ChuGyouk/Arguinas-Qwen3-8B-100p-lr4e5 is an 8 billion parameter language model, fine-tuned from the unsloth/Qwen3-8B base model. The fine-tuning process utilized the TRL (Transformer Reinforcement Learning) library, indicating an optimization for specific task performance through supervised fine-tuning (SFT).

Key Capabilities

  • Text Generation: Capable of generating human-like text based on given prompts, as demonstrated by the quick start example for open-ended questions.
  • Fine-tuned Performance: Benefits from supervised fine-tuning (SFT) to enhance its performance on specific tasks, likely improving coherence and relevance compared to its base model.
  • TRL Framework: Developed using the TRL framework, which is designed for efficient fine-tuning of large language models.

Training Details

The model was trained using SFT (Supervised Fine-Tuning) with the TRL library (version 0.24.0).

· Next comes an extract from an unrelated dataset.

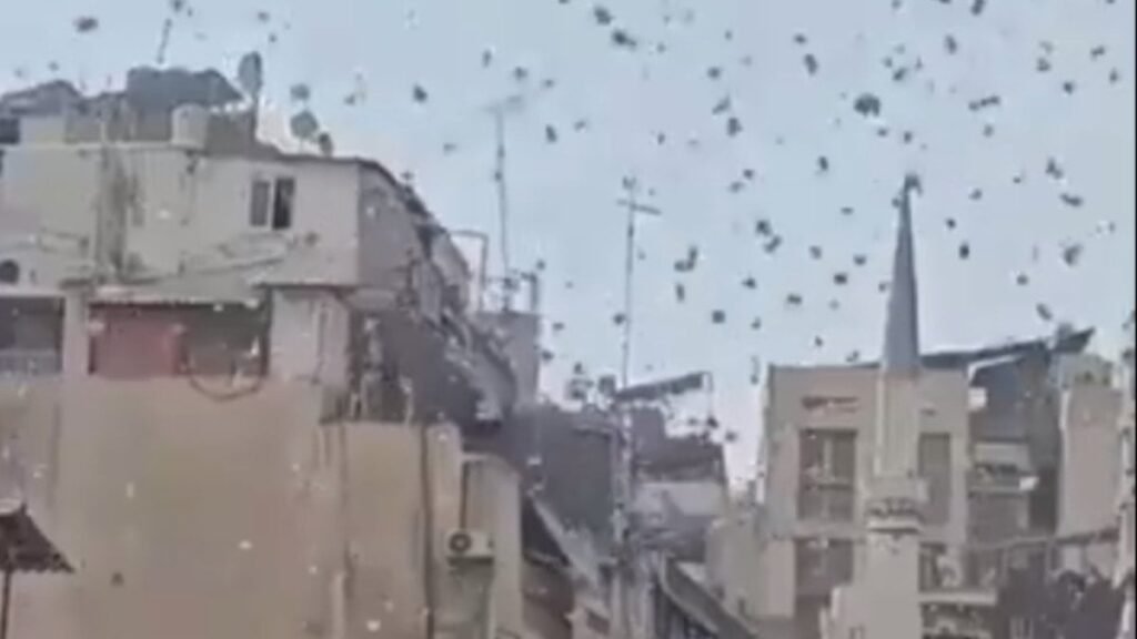 Neredeyse her gün İsrail saldırılarıyla baş etmek zorunda kalan Lübnan’ın Dahiye mahallesine bu kez bombalar değil, kağıtlar yağmaya başladı.

The underlying framework versions include Transformers 4.57.6, Pytorch 2.10.0+cu130, Datasets 4.3.0, and Tokenizers 0.22.2. This setup ensures a robust and modern training environment for optimizing the Qwen3-8B architecture.

Good For

  • Conversational AI: Its text generation capabilities make it suitable for chatbots and interactive dialogue systems.
  • Question Answering: Can be used to generate detailed and contextually appropriate answers to user queries.
  • Research and Development: Provides a fine-tuned Qwen3-8B variant for researchers and developers exploring SFT techniques and model performance.